Slurping and munching
At home, I have always more or less followed this diet. There are not many things left in life that I unambiguously believe in, but the family mealtime – with everyone sitting round a table, which has been laid in advance – is one of them.
Yet if this diet comes so naturally at home, why do I abandon it the minute I get to work? The detritus on my desk shows that every day I break all the rules. I even flout rule #4 and eat the first couple of Maltesers on the journey from vending machine to desk.
You could say the fault isn’t mine, it is that offices invite uncivilised eating. My mother – a great believer in putting milk in jugs – is not there to advise and I am surrounded by colleagues, slurping and munching their way through the day.
I set out to see what office life would be like following Gill's rules.
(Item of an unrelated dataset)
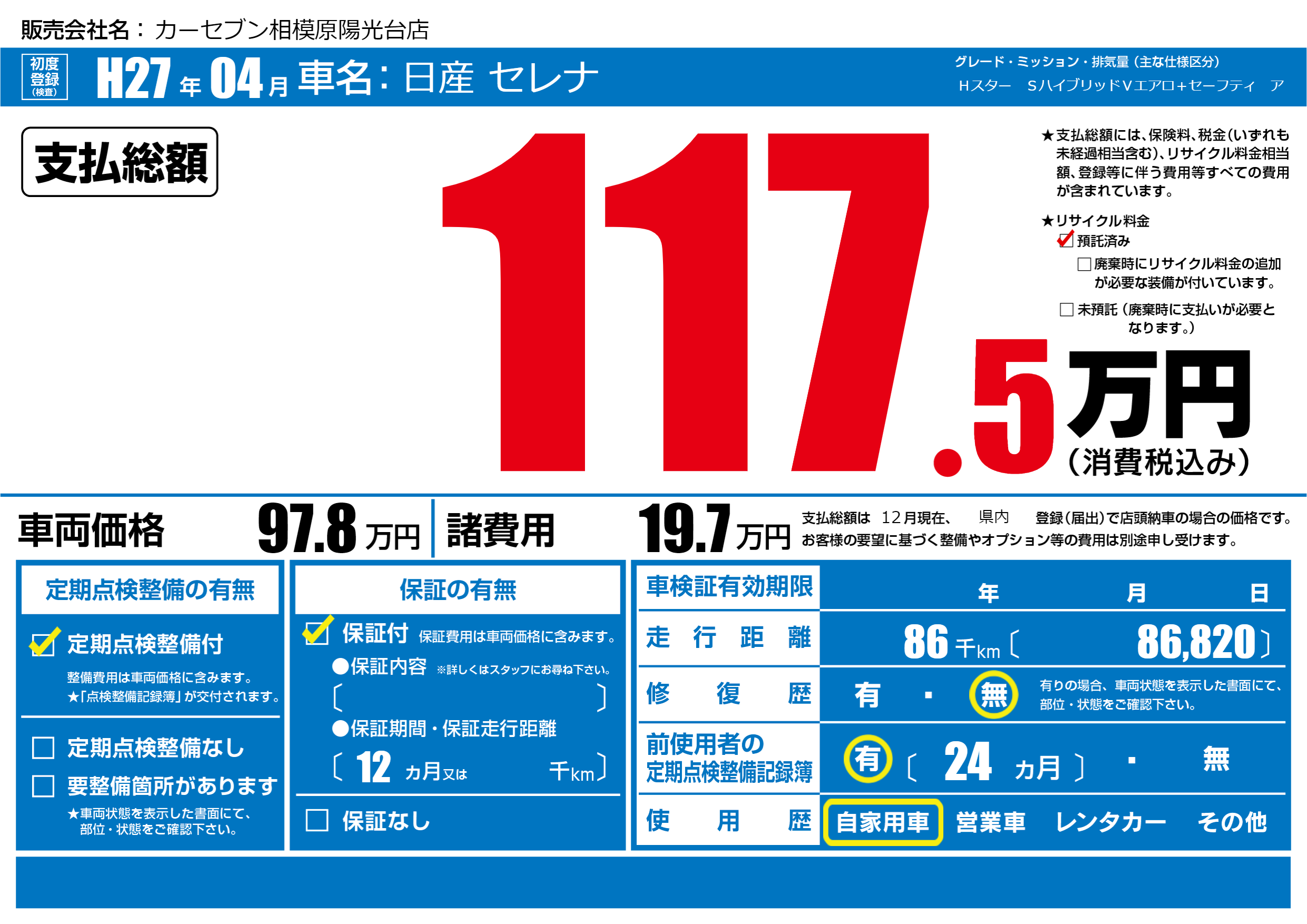 | 定期点検整備 | 定期点検整備あり | ||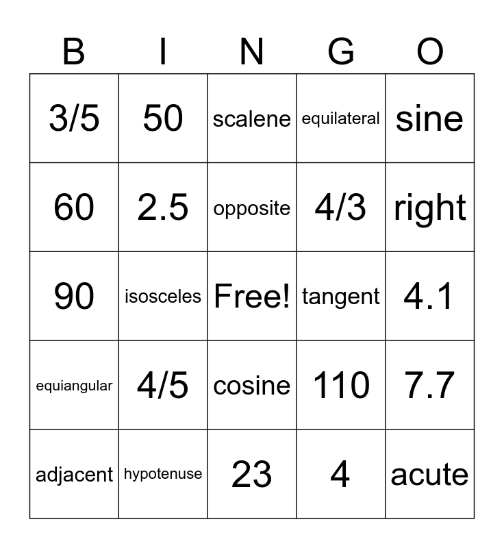 This bingo card has a free space and 24 words: 4/5, hypotenuse, opposite, adjacent, sine, 3/5, 60, 50, tangent, cosine, 4/3, 90, 110, 7.7, 2.5, 4, 4.1, scalene, right, isosceles, acute, equiangular, equilateral and 23.

The first change is that you have to have breakfast at home – which turns out to be an instant improvement as your own kitchen is the ideal place for breakfast and a belly full of porridge and toast is a better start to the day than a greasy Danish.
Jug of coffee
Mid-morning I made a jug of coffee in the office, offered it round and drank mine from a china cup. This was so agreeable – better coffee, cheaper and more sociable – it made me wonder what I've been doing all these years sucking lattes out of a hole in a plastic lid like a baby drinking from a beaker.
At lunchtime on Day One, I went out with a colleague to buy a sandwich and some fruit, which we ate at a small table in his office. It was okay but the wrapping was non-compliant and I was eating with my hands. So on Day Two, I broached the office canteen, where I haven't eaten in years. There I ate hot food on crockery with a knife and fork that I also used for my banana, which oddly tasted better as a result. The food wasn't great, but the break in the day, the enforced conversation with colleagues and the superior feeling that comes from being civilised more than made up for it.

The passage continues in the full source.